During my visit to Washington, D.C., in 1998, David Berning invited me to drop by his house in nearby Potomac, Maryland. At some point during that evening he pulled out a prototype, which he described as a low-power and low-cost ZOTL amplifier. David was eager to offer his impedance-conversion technology in a highly affordable product. When he finished describing the device, I suggested that it would make for a perfect headphone amplifier. Sure enough, when it was released in 2000 as a “personal amplifier,” it included a headphone input. When I reviewed the microZOTL some 15 years ago I concluded that its greatest potential was as a headphone driver for both low- and high-impedance designs. My opinion then was that it ran circles around headphone amps costing thousands of dollars. Sadly, the microZOTL was discontinued in 2007. It remained up to Mark Schneider of Linear Tube Audio and his distribution website, urbanhifi.com, to re-issue the microZOTL under license from Berning as the microZOTL2.0 reviewed here.

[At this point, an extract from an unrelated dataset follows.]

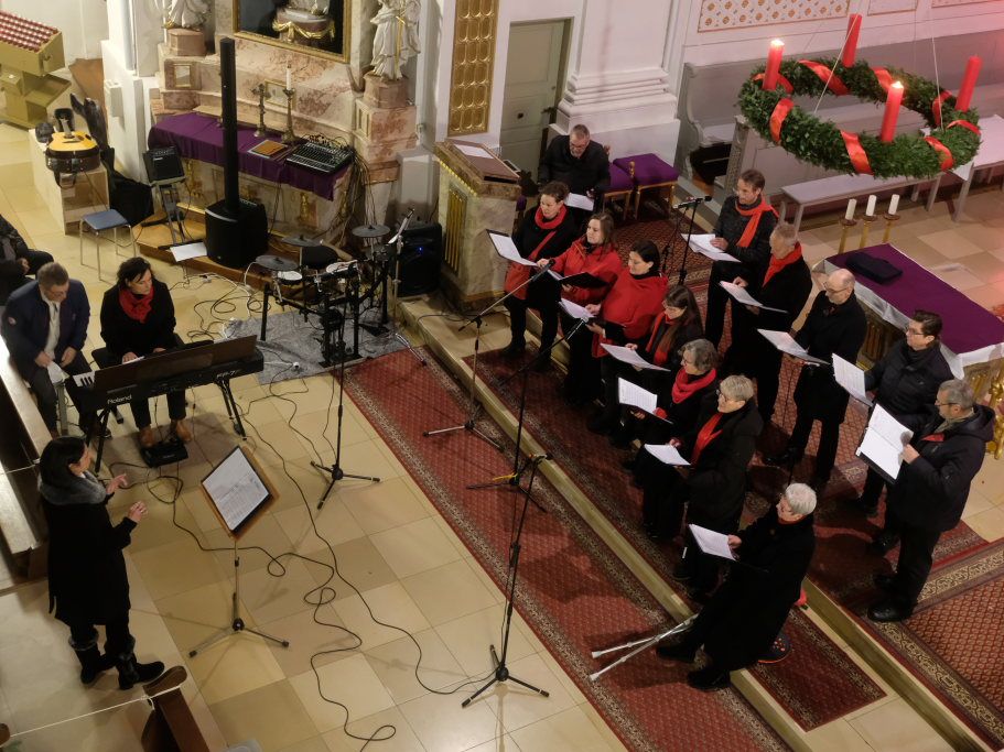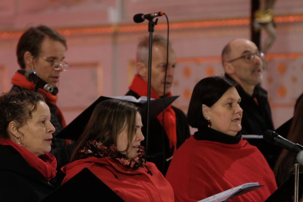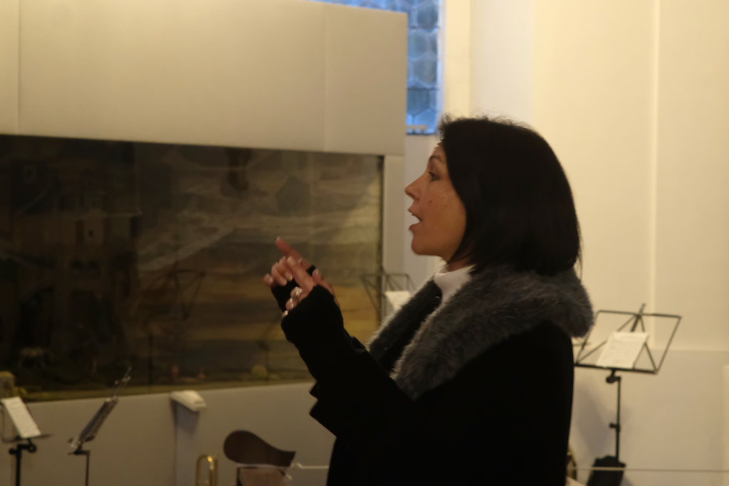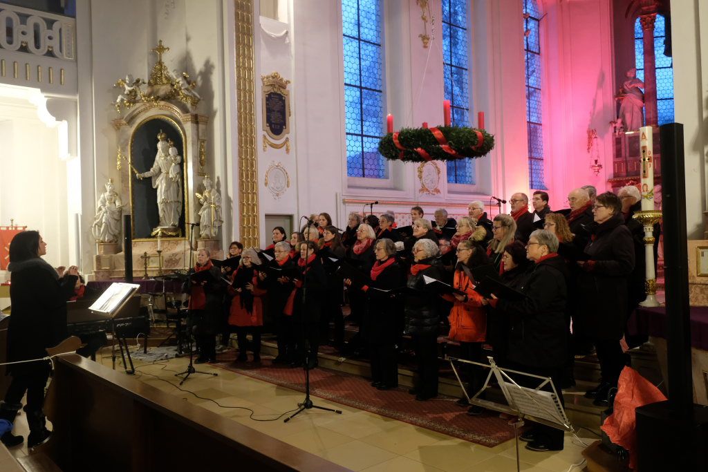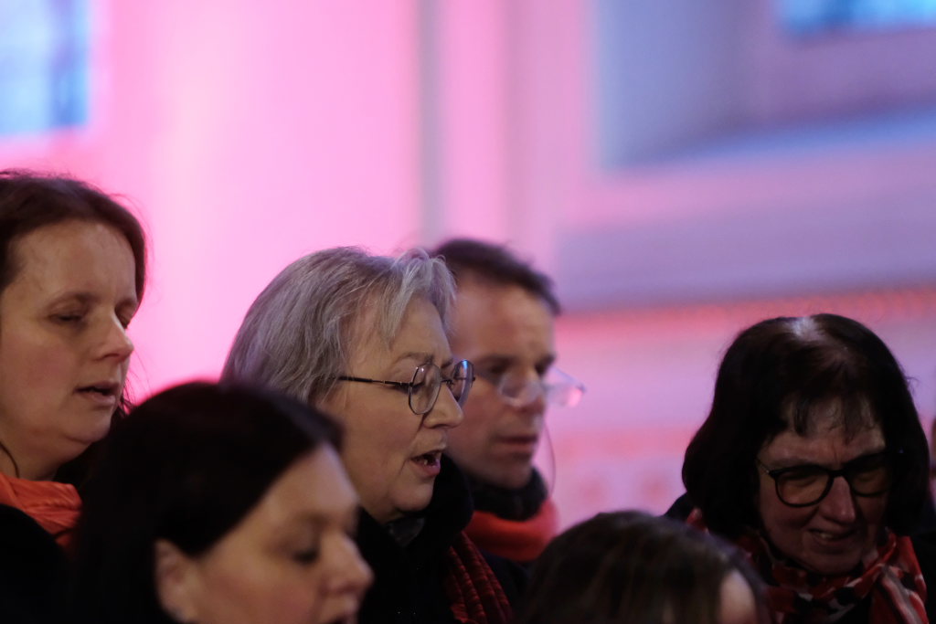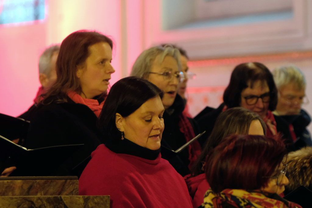 Chorioso eröffnete das Konzert mit dem Lied „Sing ma im Advent“ des österreichischen Komponisten und Poeten Lorenz Maierhofer, gefolgt von „Angels´Carols“ eine „himmlisch“ eingängige Komposition des Engländers John Rutter. Die Melodie des dritten Liedes, das der Chor sang, stammt ursprünglich aus dem Frankreich des 18. Jahrunderts und ist ein Kirchenlied, das Eingang in das Gotteslob (Nr. 250) gefunden hat. Bei „Engel auf den Feldern singen“ konnte man als Zuhörer bei geschlossenen Augen durchaus sich auf die biblischen Felder bei Bethlehem versetzt fühlen.

The microZOTL2.0’s internal circuitry is identical to that of the original, but there are some significant differences. The power supply is now outboard which reduces noise. Functionality has been enhanced in the form of preamp outputs, a second line-level input, and a selector switch that toggles between the two inputs. Premium tubes (Russian Tung-Sol reissue 6SN7 and 12AT7) are now standard instead of the Chinese tubes of the original. In general, parts-quality has been enhanced and the unit includes an Alps volume pot and silver-coated and Teflon-insulated copper wiring. And there’s no question that the microZOTL2.0 improves on the cosmetics of the original.
Go ahead and peek through the plexiglass top plate at the main circuit board and marvel at the circuit complexity. The microZOTL2.0 is configured as a Class A push-pull power amplifier. What is most unusual here is that the power tubes for each channel are the twin sections of a 6SN7. As far as the front end, one section of the 12AT7 input tube is used as a voltage amplifier while the second section is connected as a cathodyne phase-splitter. The output of each 6SN7 half is superimposed over a 250kHz RF carrier and transformed through an RF-converter transformer to obtain the high-current and low-impedance domain required by a loudspeaker. The advantage gained is that, unlike a conventional audio transformer that must operate over a wide bandwidth, the RF-converter transformer operates at a single frequency and can therefore achieve an extremely high turns-ratio without adversely impacting the power bandwidth. According to Berning, the microZOTL2.0’s effective turns-ratio is an enormous 168-to-1, making it possible to use a triode (normally only seen in amplifier input or driver stages) in the output stage. The resultant output impedance is 2 ohms with zero global feedback. Of course, the carrier frequency is filtered to the tune of 50dB before reaching the output terminals. Power delivery is a nominal 1W into a 4-ohm load.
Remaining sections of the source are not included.